In the past decade, scientists have discovered that the ISR is involved in a host of age-related diseases, including Alzheimer’s. 

In December 2020, Peter Walter, who will run Altos’s Bay Area institute, showed that drugs can retune the ISR and rapidly restore youthful cognitive powers to aged mice. If nothing else, Altos is good news for over-the-hill rodents.

Another area in which Altos hopes to make headway is rejuvenating the immune system. 

As we age, our immune system weakens, leaving us more prone to cancer and infections. Part of this is driven by changes in the thymus, a gland the size of an oyster that sits between the lungs.

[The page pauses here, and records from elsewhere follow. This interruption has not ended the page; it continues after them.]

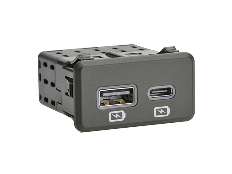 Brodit Strömadapter För Fast Installation Strömadapter För Fast Installation, Dubbla Usb Type-A Och Type-C Uttag, Qualcomm Quick Charge 3.0, 5V/2,4A. 2-Polig Molex-Kontakt, Med Molex 2-Polig Kabel Och Usb-C Till Usb-C Kabel (216406)
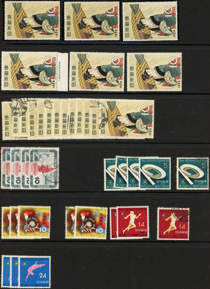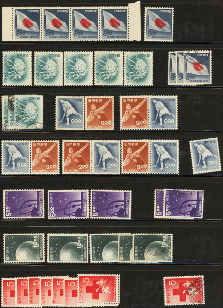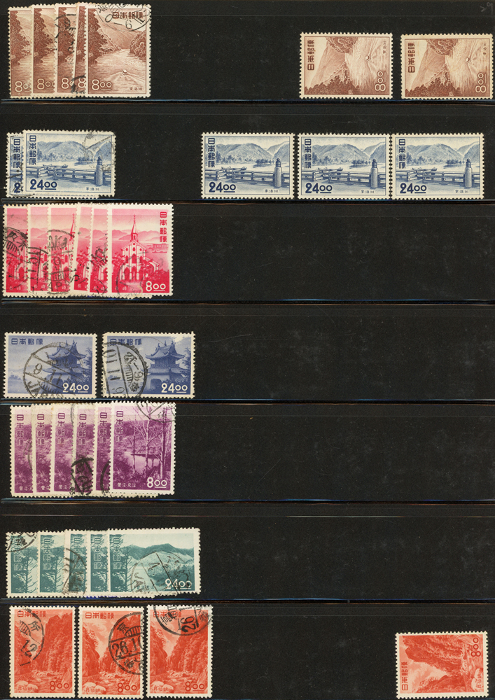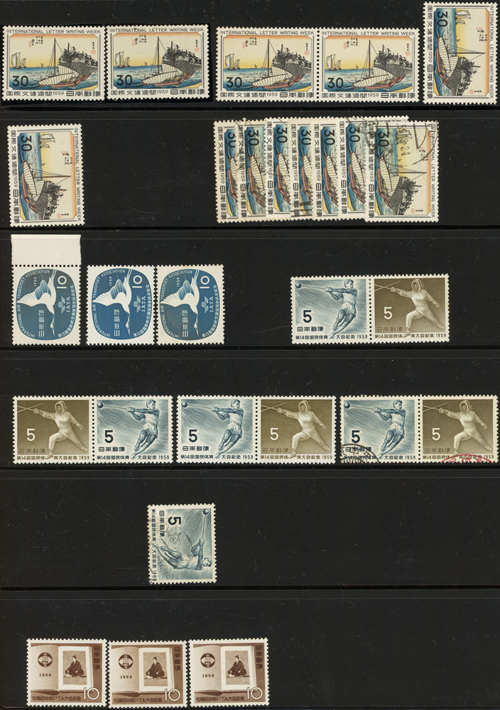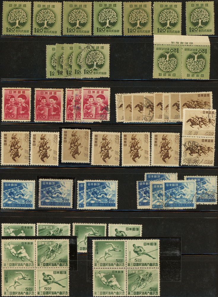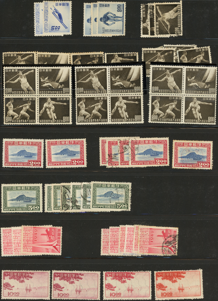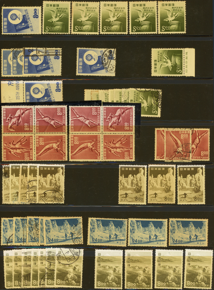 日本1899~1977年郵票5冊,含:新票3115枚,舊票2388枚,包括有:田澤型.菊票.航空切手系列.賀年切手.國立國家公園系列.國定公園系列.郵便創始75年.日本國憲法.民間貿易再開.司法保護.第二.三.四.六.七.八.九.十九回國民體育大會.共同募金.全國綠化.教育復興.見返美人.犬山博覽會.中央氣象台75年.廣島平和都市.長崎文化都市.別府觀光.岡山博覽會.萬國郵便連合75年.月雁.文化領袖系列.觀光地百選系列.平和條約.日赤創立75年.立太子禮.電燈75年.東京天文台.1955-1966年切手趣味週間.東海道電化.製鐵100年.天皇御成婚.花系列.1964年東京奧運募金.季節的行事系列.鳥系列.節慶祭系列等等,多數成套,品像混合,多重複,VF-F;總重約4公斤,歡迎至官網瀏覽全貌(Page 140)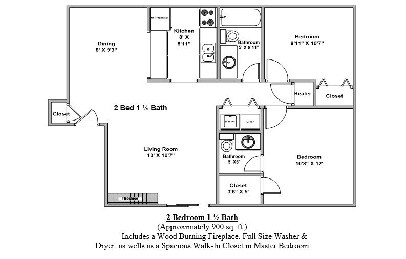 Apartment Model: 2 Bed 1 1/2 Bath$8952 Bedroom, 1.5 Bath, 900 sq ftAvailable October 31, 2025![]()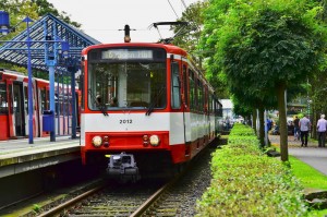 Rot/Grün gemischtes Doppel bestehend aus dem Museumswagen 2012 der Kölner Verkehrs-Betriebe AG (KVB) und dem Wagen 7752 der Stadtwerke Bonn (SWB) anlässlich einer Sonderfahrt im Betriebshof Bonn Beuel am 20.09.2014. |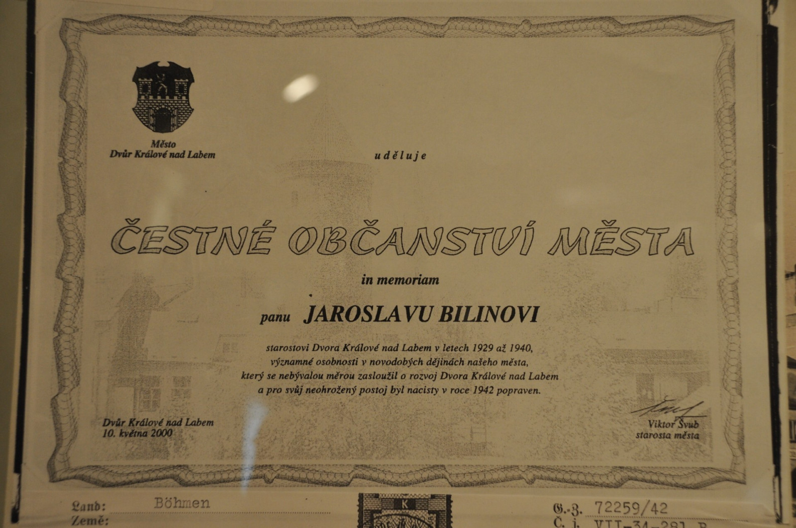 Jaroslav Bilina36 Udělení čestného občanství bývalému starostovi města J. Bilinovi im memoriam v roce 2000.JPG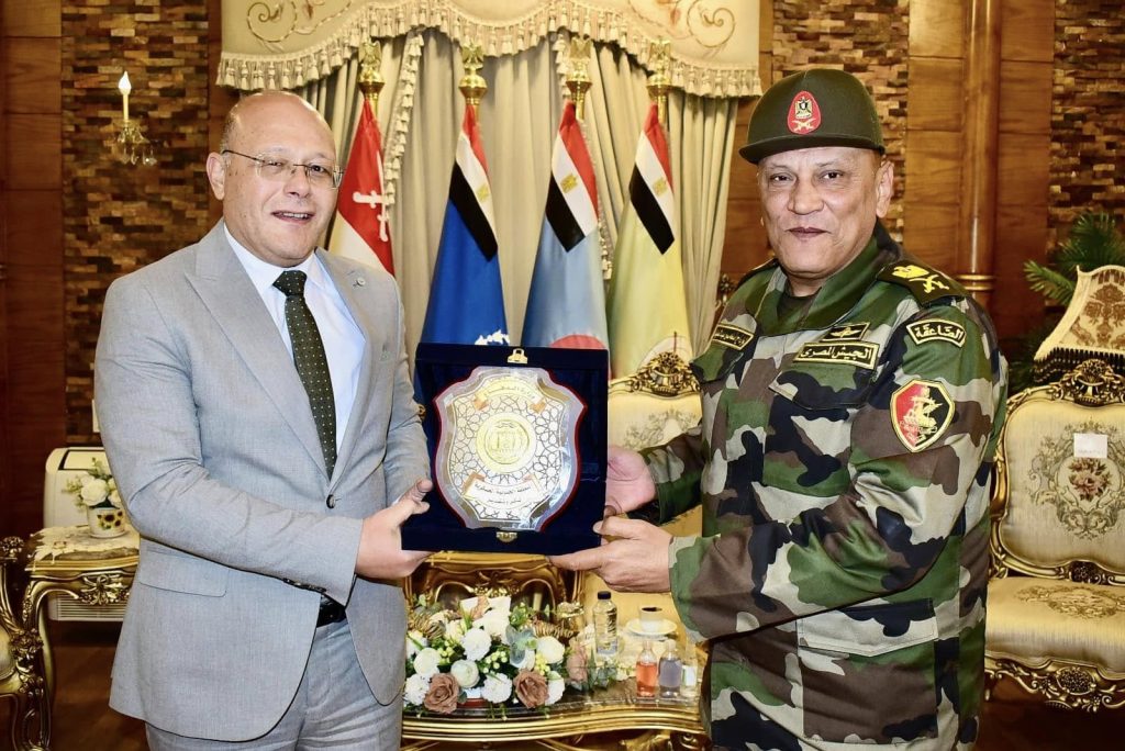 Dr. Hassan Al-Nomany, President of Sohag University, visited the Southern Military Region, during which he congratulated the Major General Osama Samir Abdel Latif on his appointment as a Commander of the Southern Military Region.

The thymus is where the immune system’s protective T cells go to mature, but from puberty onwards it shrinks and is steadily replaced by fat.

Central to Altos’s vision is a procedure called cellular reprogramming. 

With every human birth, biology demonstrates its powers of rejuvenation by turning the old cells from parents into the youthful tissues of a newborn. 

In 2006, Yamanaka created a similar effect in the lab. He found that activating four genes in skin cells transformed them into an embryonic state, from which they could grow into the body’s numerous tissues. 

The work fuelled a wave of interest in growing spare parts for patients, but the procedure has its risks: activate the “Yamanaka factors” inside living animals and they can develop teratomas — tumours made due to a grim confusion of different cell types.

Scientists are refining the procedure, winding back the clock just enough to make cells youthful, but not cancerous. 

In one landmark study, Juan Carlos Izpisua Belmonte, a developmental biologist who will lead the Altos institute in San Diego, showed that switching on Yamanaka factors for a six-week burst rejuvenated old mice and extended their lifespan by nearly one-third. 

“With careful modulation, ageing might be reversed,” he says.

The same trick would be hard to pull off in humans. Instead, the hope is to find new biological pathways that, when targeted with drugs, rejuvenate old or senescent cells without causing cancer. 

There are no guarantees of success, of course, but that is the nature of medical research.

“What excites me about Altos is that it’s a new way to do science,” Reik says. “It appeals to me because you can achieve so much more in a bigger team. We want to knuckle down.”